Let’s consider shape by constructing a histogram and a density plot.

hist(le, breaks = 10, main = 'Histogram: Life Expectancy in 2010',xlab = "Years")

_images/9250aaca7da33ca6f311623401bd4f634e5031cf754c52c9386e88f2f3810f8c.png

plot(density(le), main = 'Histogram: Life Expectancy in 2010',xlab = "Years")

_images/6df03b46f85bbf9ec93a98a569cca6419e77344073f469acafa89c60c7081a14.png

We have a normal or bell-shaped distribution. Given the longer tail to the left, we are seeing some skew to the left and anticipate outliers in that direction.

Example 3: Outliers#

Let’s create a boxplot to investigate skew and outliers.

boxplot(le, main = 'Life Expectancy', ylab = 'Years')

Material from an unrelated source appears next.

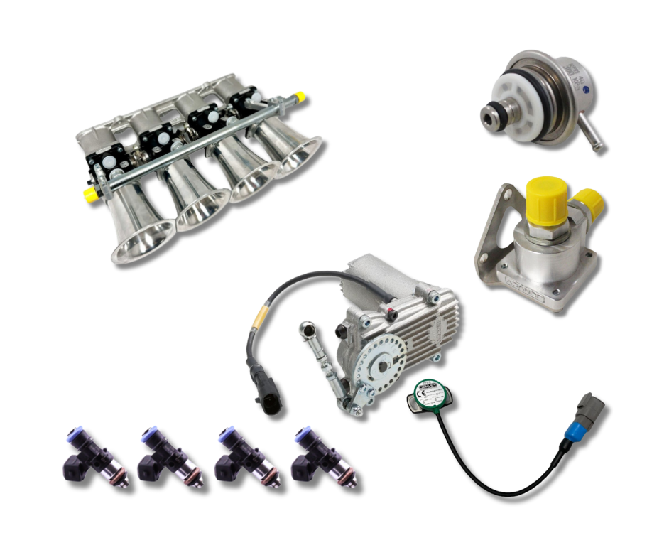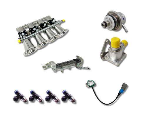 This super light weight Motorsport kit is fully port matched and port aligned with the Duratec 2L HE port angle of 20 Degrees. It is commonly used in Formula or Sports Prototype cars where the bonnet does not limit height.  Standard Ford fuel injectors will not fit.  See recommended injectors in options.

_images/9beb37a9789293e8133e60740f903aed09cc76214b6c2400d1e501f8b5f61da1.png

We see no outliers in the boxplot, but we do see a slightly longer tail to the left. Checking numerically, we find that:

upper_cutoff = mean(le) + 2 * sd(le)
lower_cutoff = mean(le) - 2 * sd(le)

upper_cutoff
lower_cutoff

87.864352186001

55.3695275954198

sum(le < lower_cutoff)
sum(le > upper_cutoff)

8

1

Using the boxplot method for checking for outliers, we find:

Upper Fence = Q3 + 1.5 * IQR
Lower Fence = Q1 - 1.5 * IQR

summary(le)

   Min. 1st Qu.  Median    Mean 3rd Qu.    Max. 
  51.00   65.75   73.90   71.62   76.95   88.00 

IQR = 76.95 - 65.75
upper_fence = 76.95 + 1.5 * IQR
lower_fence = 65.75 - 1.5 * IQR

upper_fence
lower_fence

93.75

48.95

sum(le < lower_fence)
sum(le > upper_fence)

0

Notice that two methods differ. While the box plot shows no outliers, the numeric method identifies 8 outliers to the left with only 1 to the right. The methods do differ at times, especially when the outliers in discrepency are marginal. If a data point is 4 standard deviations from the mean, both methods will identify it as an outlier. When close the cutoff points, some data points will be classified differently by the two methods.

Given several marginal outliers to the left and 1 to the right, we see the skew to the left.

Example 3: Descriptive Statistics#

cat('The standard descriptives for Life Expectancy \n   Mean = ', round(mean(le),1),
    '\n   Standard Deviation = ', round(sd(le),2),
    '\n   Sample Size = ', length(le),
    '\n\nThe 5-number summary for Life Expectancy')
summary(le)

The standard descriptives for Life Expectancy 
   Mean =  71.6 
   Standard Deviation =  8.12 
   Sample Size =  183 

The 5-number summary for Life Expectancy

   Min. 1st Qu.  Median    Mean 3rd Qu.    Max. 
  51.00   65.75   73.90   71.62   76.95   88.00 

Applying **Robb’s Rule of Thumb,” notice that the mean and median are significantly differ (e.g. differ by more than $\frac{s}{10}$ ) since

\[\text{mean} - \text{median} = 71.62 - 73.9 = -2.28\]

The absolute value of the difference is greater than a tenth of the standard deviation: $$\frac{s}{10} = \frac{8.12}{10} = 0.812$$

Robb’s Rule of Thumb says that, in this instance, we would expect skew and outlier. This confirms the work above showing a skew to the left and several outliers to the left.